Когда товарищ рассказывает такую трогательную историю о себе, то хочется, чтобы она скорее пришла к счастливой развязке. Тут ведь не книга, не выдумка, а судьба твоего боевого друга, которому ты желаешь Во всем удачи, желаешь всем сердцем, как самому себе. Поддавшись этому чувству, и я загорелся вдруг нетерпением.
— Ну, а где же сейчас твоя Нина? — спросил я его.
Может быть, я должен был угадать по печальным глазам Семена, что спрашивать не надо, но я все-таки спросил. Ведь судьба наша стала общей. Надо делить с товарищем не только его удачи и радости, но и печаль.

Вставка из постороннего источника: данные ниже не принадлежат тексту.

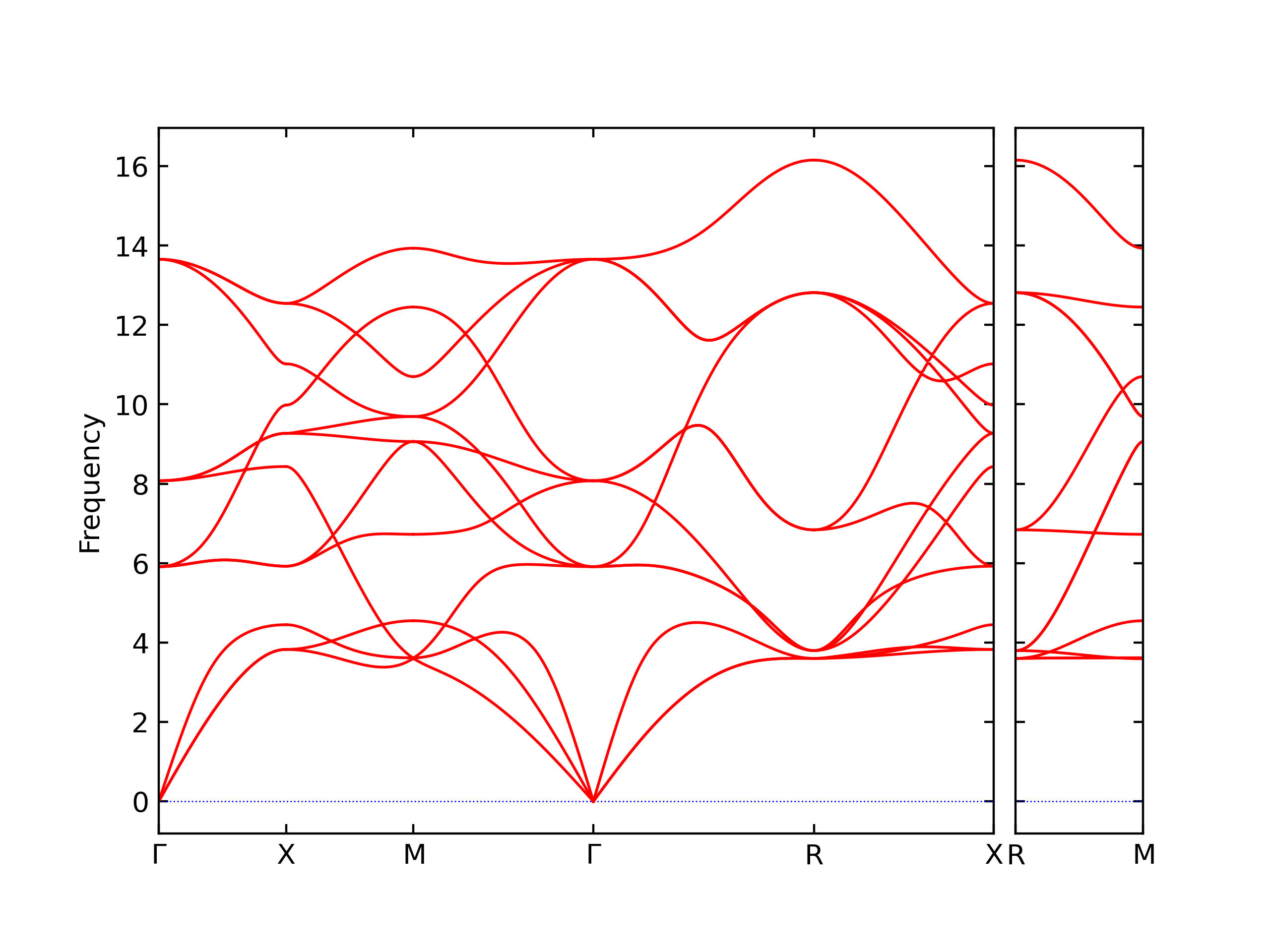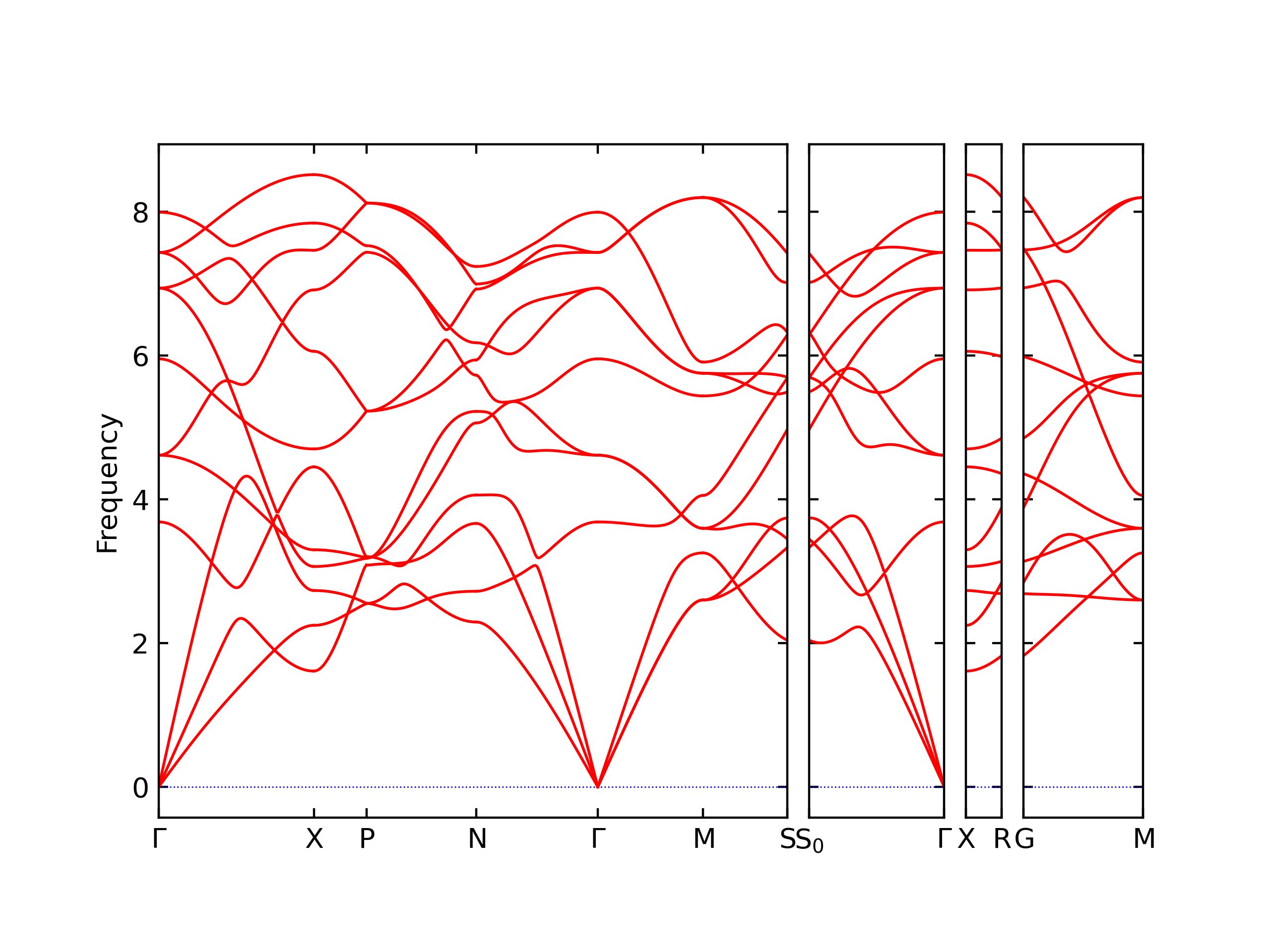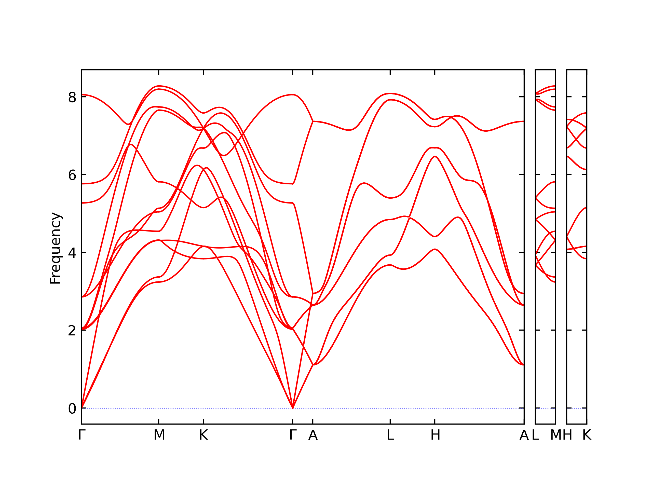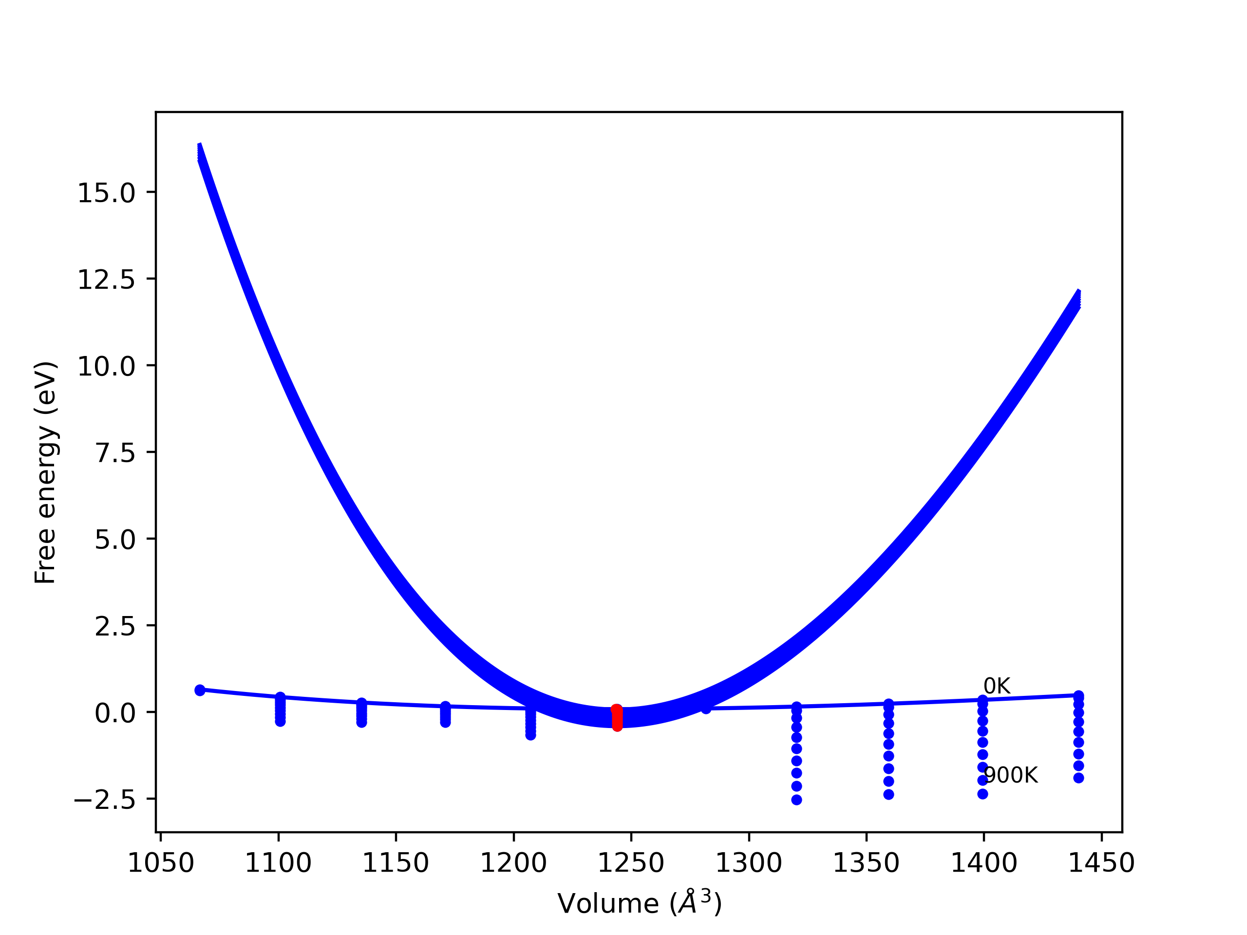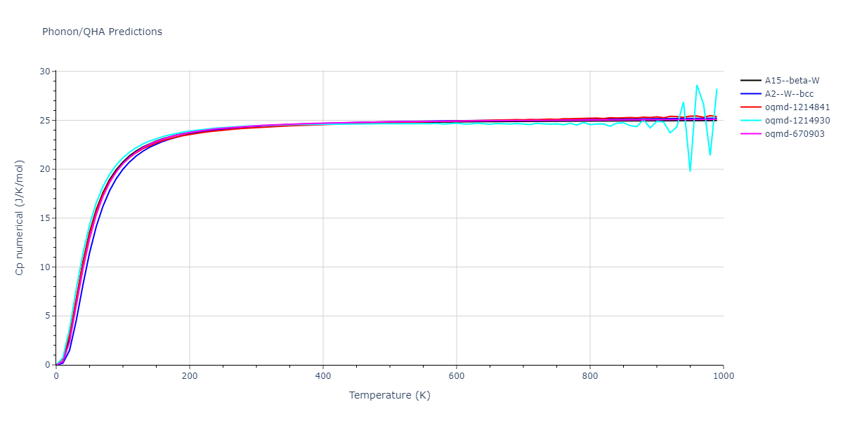 Phonon band structures and crystal properties estimated from quasi-harmonic approximation (QHA) calculations are displayed for select crystals. The calculations were performed using phonopy and LAMMPS. For the phonon calculations, 3x3 supercells of the potential-specific relaxed crystals were used. The QHA calculations were based on 11 strain states ranging from -0.05 to 0.05.

У каждого из нас осталось дома что-то, чем мы жили и чем хотели жить дальше. Остались матери, Планы, дела и мечты, остались любимые девушки. То, что до войны согревало, теперь просто жжет. Недели и месяцы, полные напряжения и опасностей, позволяют лишь на миг отдаться воспоминаниям, и каждый раз в этот миг
делается вдруг нестерпимо грустно. Так вышло и с Семеном, и мы сами его толкнули к этому своими расспросами.— К сестре поехала в отпуск, в Одессу… Теперь уж кто знает…
Он мрачно махнул рукой.
Может быть, среди тысяч беженцев беспомощно и одиноко двигалась эта маленькая черноглазая Нина, мечтая добраться до Сталинграда, на который фашисты уже направляют один из железных зубцов своих вил. Если бы заглянуть в гущу этого многотысячного потока и увидеть в нем эту песчинку! Только увидеть, чтобы Семен утешился, что она не осталась у врага. Да, мы их встретили много — черноглазых и синеглазых, красивых и некрасивых, но бесконечно милых сестер… Они шли в стоптанных, разбитых ботинках и вовсе без обуви, с окровавленными ногами.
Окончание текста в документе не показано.